Ya I'm very excited myself. I just taught myself how to "bump fire" it. For those who don't know what bump firing is its simply a way ro make any semi automatic fire like a fully automatic weapon with no modification. I posted a link to a vid I found on YOUTUBE. Search BUMP FIRING and there are a ton of kewl vids of it. (THE VID IN THE POST IS NOT ME)


----------



## Uno99 (Oct 3, 2006)

So I finally got my adjustable stock put on last nite. I also pulled my cheap HALO sight off my beretta NEOS U22 pistol and am gonna sight it in and see how it works


----------



## Todd (Jul 3, 2006)

Uno99 said:


> Ya I'm very excited myself. I just taught myself how to "bump fire" it.

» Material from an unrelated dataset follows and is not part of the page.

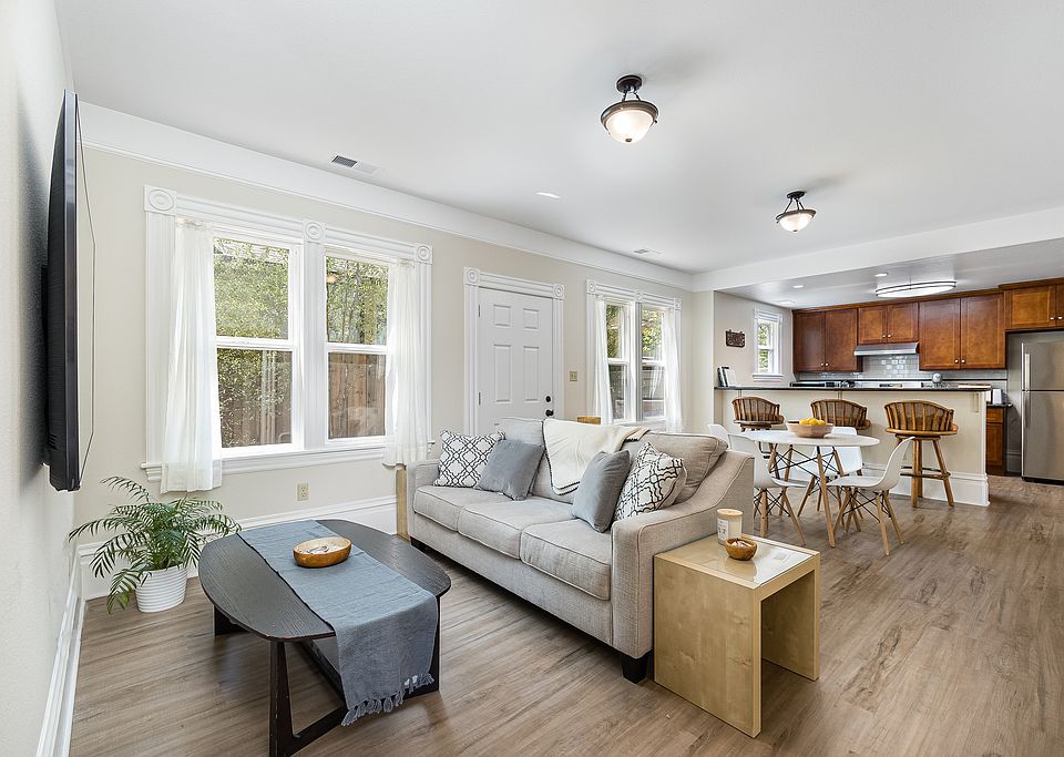 Welcome to Mozart's Flat: elegant spaciousness with no stairs. Enjoy tons of natural light and high ceilings in this ground floor unit on a charming tree-lined lane. Entire unit has been fully renovated. Large kitchen with gas stove, expansive countertops, excellent appliances. Fully enclosed private patio. Laundry is shared with just one other unit. * Tenant pays utilities except water * One year lease * Street parking only * No smoking of any kind

So you taught yourself how to spray lots of ammo uselessly and inaccurately down range. Congrats. :smt083


----------



## SaltyDog (Jan 1, 2009)

I don't think I'll try that with my 6.8mm. 

I know how my shoulder feels after shooting off 2 or 3 magazines - I can't imagine how my thumb would handle that. Or am I wrong in assuming they are shooting off .223?


----------



## DevilsJohnson (Oct 21, 2007)

Todd said:


> So you taught yourself how to spray lots of ammo uselessly and inaccurately down range. Congrats. :smt083


I agree with ya, I'll the accuracy over the noise. I can spend a lot less money for a lot more result.:smt023


----------



## kg333 (May 19, 2008)

Todd said:


> So you taught yourself how to spray lots of ammo uselessly and inaccurately down range. Congrats. :smt083


To be fair, I hear that applied to people who get the BATF stamp and own an automatic weapon as well...at least he only blew the cost of a mag or two instead of $200. :watching:

Although I have to admit that's a more useless way to spray ammo than the more conventional methods. :smt067

KG


----------